Photo: Ngoc Thang
The central bank pressed forward with its plan to keep the dong depreciation less than 2 percent for the whole of 2015, a deputy governor said Tuesday.
The State Bank of Vietnam "is ready to sell foreign currency for intervention to keep the exchange rate stable within the band committed at the start of the year", Deputy Governor Nguyen Thi Hong said at a press conference.
Although further dong devaluation will benefit exporters, it would badly affect producers who rely on imported raw materials, she said.
The textile industry, for instance, import 82.5 percent of raw materials, the wood industry, 70 percent and leather and footwear industry, up to 60 percent, according to Hong
A cheaper dong would also increase the country’s public debt, which is approaching the limit set at 65 percent of gross domestic product (GDP), she said.

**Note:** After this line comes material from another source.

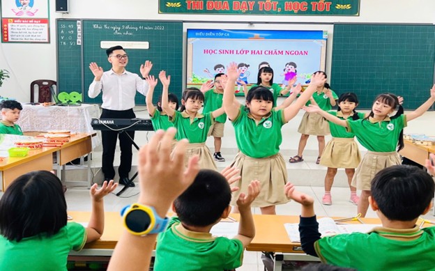 Tiết học âm nhạc của thầy Minh luôn là khoảng thời gian được các em học sinh háo hức mong chờ nhất trong tuần. Với cây đàn ghi-ta quen thuộc và giọng hát truyền cảm, thầy mang đến không khí học tập vui tươi, sinh động nhưng cũng đầy cảm xúc. Thầy không chỉ dạy các em hát đúng nốt, đúng nhịp, mà còn giúp các em cảm nhận được cái hay, cái đẹp trong từng giai điệu. Mỗi bài học dưới sự hướng dẫn của thầy đều trở thành một hành trình khám phá âm nhạc đầy mới lạ – nơi học sinh được thỏa sức thể hiện cảm xúc, phát huy năng khiếu và học cách lắng nghe bằng cả trái tim. Nhờ sự sáng tạo và linh hoạt trong cách giảng dạy, tiết học của thầy không chỉ là một giờ học, mà còn là một buổi biểu diễn nhỏ, nơi mỗi học sinh đều có thể tỏa sáng.

The central bank, therefore, will continue keeping a close watch on foreign and domestic markets and intervene when necessary to stabilize the exchange rate, Hong said.
SBV on May 7 devalued the dong by 1 percent, setting its reference rate at 21,673 dong a dollar, in an effort to reduce the country's trade deficit, which may reach $3 billion in the first five months.
The dong fell further to 21,860 per dollar on Vietnam's interbank market on Tuesday, down 0.98 percent from 21,645 dong/dollar on May 7.
In January, SBV cut the rate by 1 percent to help stabilize the foreign exchange market.